Bryan Clark, a Navy veteran and senior analyst at the Center for Strategic and Budgetary Assessment in Washington, D.C., said the Pentagon’s current efforts to move faster and reduce overhead requirements are directly because of McCain’s efforts.

He found a like-minded partner in the House Armed Services Committee chairman, Rep. Mac Thornberry (R-Texas), and together they “pushed acquisition reform to a higher level of focus” in the Senate, Clark said.

The two chairmen “made clear the [funding] authorities DoD already had, and encouraged their use,” he noted. In the past few years, the Pentagon has introduced several many rapid acquisition efforts, such as the Strategic Capabilities Office (SCO) and its service-centric offshoots. “You would not have seen a SCO-type office” without McCain’s influence, he added.

In January 2017, both McCain and Thornberry released defense budget white papers that were widely seen to identify key military programs and capabilities that lawmakers should support over the next several years.

McCain’s paper, “Restoring American Power,” advocated for the Air Force to purchase up to 300 new aircraft used for light attack and close-air support missions in permissive environments. The service began exploring the feasibility of off-the-shelf aircraft for such a mission around that time, and a year later has expressed an intent to award a contract by 2020.

It’s likely that receiving support from McCain through the white paper at an early point in the experiment encouraged the Air Force to continue the effort, Clark noted.

It will be difficult but necessary for another SASC member to take up McCain’s mantle when it comes to defense acquisition reform, Bartels said.
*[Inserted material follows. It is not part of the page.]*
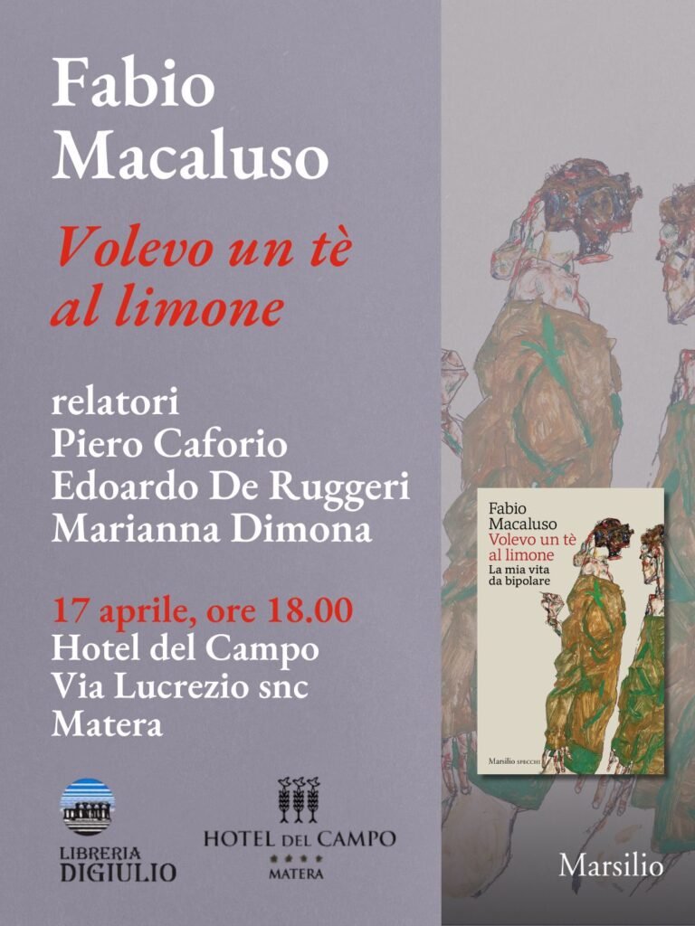 «Cosa significa avere una famiglia, un bel lavoro, e perdere ogni cosa per colpa di una malattia mentale? Volevo un tè al limone di Fabio Macaluso è uno straordinario e originale memoir che racconta le vicende di un uomo che crolla in una depressione devastante e scopre così di essere affetto da bipolarismo. La stessa condizione che, nei momenti di euforia, gli aveva permesso di essere un avvocato abilissimo, un compagno affettuoso e un amico istrionico, energico e incredibilmente vitale, mostra di colpo l’altra faccia della medaglia: una depressione profonda, cupa e inabilitante, un male oscuro che travolge la vita del protagonista e delle persone che gli sono accanto.

“Like it or not, that’s the type of thing that deserves congressional scrutiny, even if it’s just to check if things are yielding the proper results,” he said. “Right now, I don’t know if there is anyone who is, one, willing to take up that portfolio … and two, willing to do that with the emphasis that Sen. McCain brought to the issue.”

Acquisition reform efforts McCain pursued should remain a priority among SASC members, as they will want to see how many of those efforts – such as the light attack experiment – play out, Clark said.

Sen. James Inhofe (R-Okla.), the senior Republican on SASC who is expected to take up the chairmanship, told reporters last week that the issue of acquisition reform would not fall by the wayside.

Sen. Lindsey Graham (R-S.C.), a SASC member and close friend of McCain’s, told reporters that “When it came to the Pentagon, [McCain] was a ferocious reformer.”

“He loved nothing more than getting in” the defense budget, he added. “We’re going to have to take that up.”